3.  **Sync Data:** Click **`Data > Refresh All`**.

> [!TIP]
> Data streams directly from Parquet files on Cloudflare R2, ensuring high-speed transfers and minimal local overhead.

### 🛠 Requirements
* **Microsoft 365** (Build 16.0.17531 or later)
* Active API Token

### 📂 Pre-Configured Sheets
The workbook includes **8 high-performance sheets** ready for analysis:

* **Financials:** Income Statement, Balance Sheet, Cash Flow
* **Metadata:** Entities, Securities, Filings
* **Reference:** Index Membership, Data Dictionary

### 🧑‍💻 Developer Customization
For those who prefer a "Do It Yourself" approach, the raw **M-language** source files for Power Query are available in the [`excel/power-query/`](excel/power-query/) directory. You can use these to build custom connections in your existing workbooks.

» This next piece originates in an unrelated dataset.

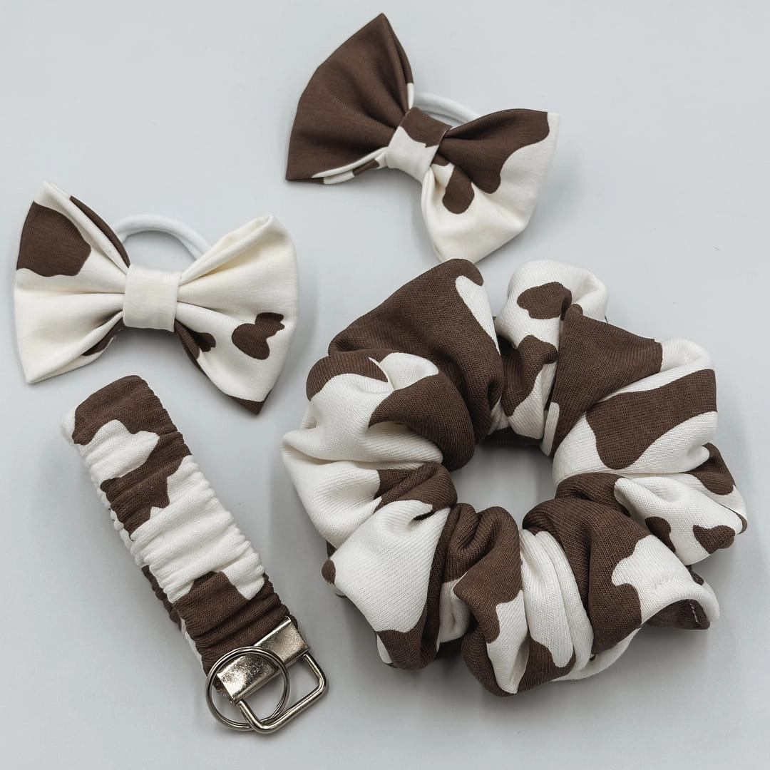 Uroczy komplet dwóch małych gumek do włosów z kokardkami “Brown Cow” to idealny dodatek dla każdej małej miłośniczki stylu. Wykonane ręcznie z miękkiej, naturalnej bawełny, są delikatne dla włosów i wygodne w noszeniu – nie ciągną, nie plączą i pięknie prezentują się w każdej fryzurze.

📖 **Need more help?** View the [Full Setup Walkthrough](docs/excel-guide.md).


### 📊 Research Modules

**`research/fundamental/`** — Financial statement analysis workflows
- Income statement, balance sheet, cash flow, DuPont decomposition, Altman Z-Score

**`research/quantitative/`** — Factor model and strategy research
- PIT correctness proof, survivorship bias quantification, restatement tracking as short signal, sector rotation

**`research/data_engineering/`** — XBRL normalization and pipeline analysis
- Concept mapping explorer, taxonomy coverage, filing timeline, data freshness by sector

**`research/quality_proof/`** — Automated data quality validation
- Zero PIT violations, balance sheet equation check (Assets = Liabilities + Equity within 1%), coverage report, SEC cross-reference spot-check

See [`research/README.md`](research/README.md) for a full breakdown of what each module proves and the key metric it validates.

---

## 🤝 Contributing

We welcome contributions including SQL templates, notebooks, scripts, research modules, and documentation improvements.

See [CONTRIBUTING.md](CONTRIBUTING.md) for code standards, naming conventions, and the PR process.

## 📄 License

Apache-2.0 License — see [LICENSE](LICENSE).

**Disclosure:** This repository is for research and educational purposes
only and does not constitute financial advice.